What would governments do if black and brown lives counted as much as white lives?


The annual United Nations climate summit is wrapping up in in Lima, Peru, and on its penultimate day, something historic happened. No, not the empty promises from powerful governments to finally get serious about climate action -- starting in 2020 or 2030 or any time other than right now. The historic event was the decision of the climate-justice movement to symbolically join the increasingly global #BlackLivesMatter uprising, staging a "die-in" outside the convention center much like the ones that have brought shopping malls and busy intersections to a standstill, from the US to the UK.

"For us it is either death or climate justice," said Gerry Arances, national coordinator for the Philippine Movement for Climate Justice.

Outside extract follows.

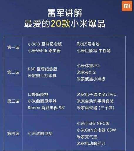 卢伟冰微博介绍,雷军此次带货商品主要为小米产品,包括小米10至尊纪念版、Redmi K30至尊纪念版、Redmi 智能电视 Max 98寸、小米透明电视等。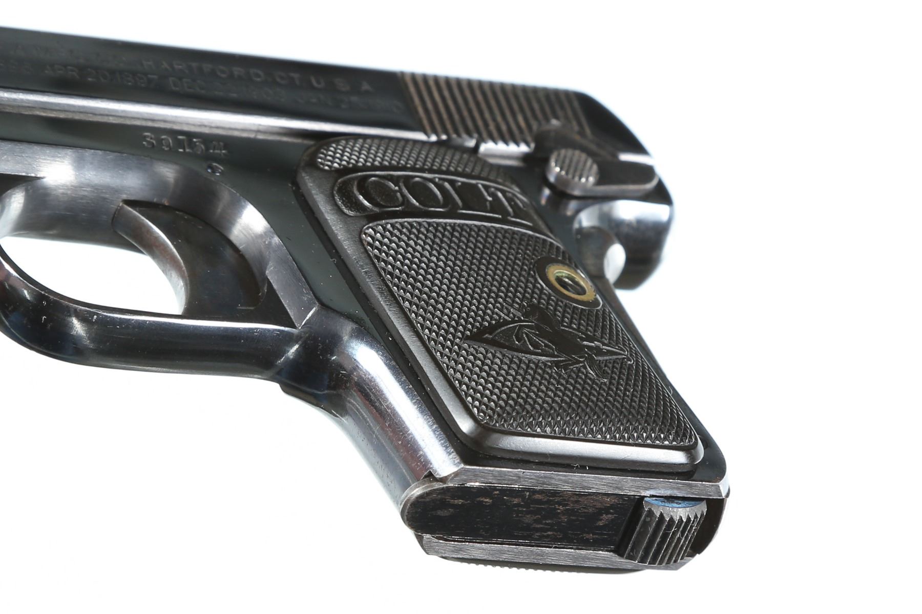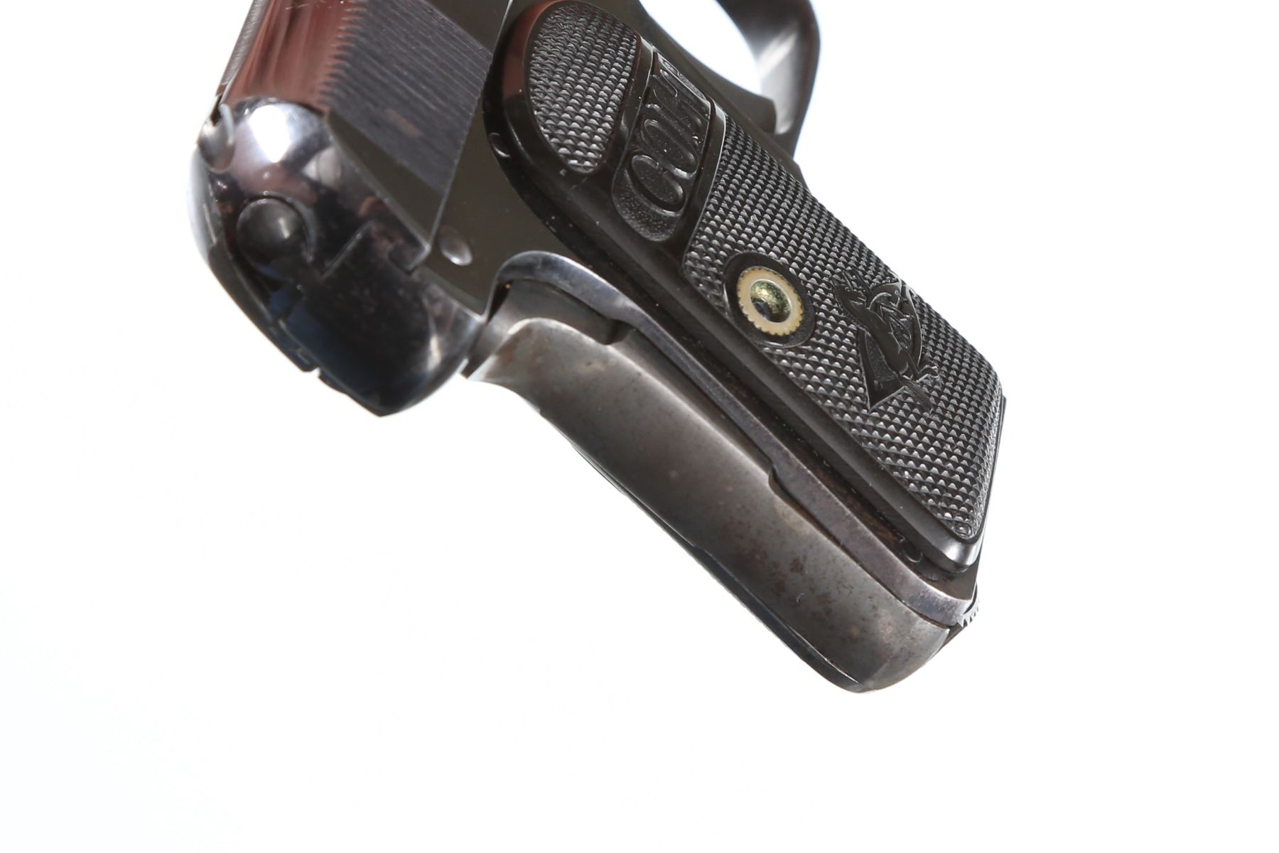 .25 ACP Serial # 39154 Very early production 1st model Colt 1908 Pocket Model .25 mfg. 1910 with high polish blue on slide & frame with blank all blue finished magazine and blue finished Bbl. Rampant Colt checkered hard rubber 2 piece grips. Condition, Very fine with 97% blue finish with excellent bore and mechanically excellent. Barrel 2 1/8" C&R

What does #BlackLivesMatter, and the unshakable moral principle that it represents, have to do with climate change? Everything. Because we can be quite sure that if wealthy white Americans had been the ones left without food and water for days in a giant sports stadium after Hurricane Katrina, even George W. Bush would have gotten serious about climate change. Similarly, if Australia were at risk of disappearing, and not large parts of Bangladesh, Prime Minister Tony Abbott would be a lot less likely to publicly celebrate the burning of coal as "good for humanity," as he did on the occasion of the opening of a vast new coal mine. And if my own city of Toronto were being battered, year after year, by historic typhoons demanding mass evacuations, and not Tacloban in the Philippines, we can also be sure that Canada would not have made building tar sands pipelines the centerpiece of its foreign policy.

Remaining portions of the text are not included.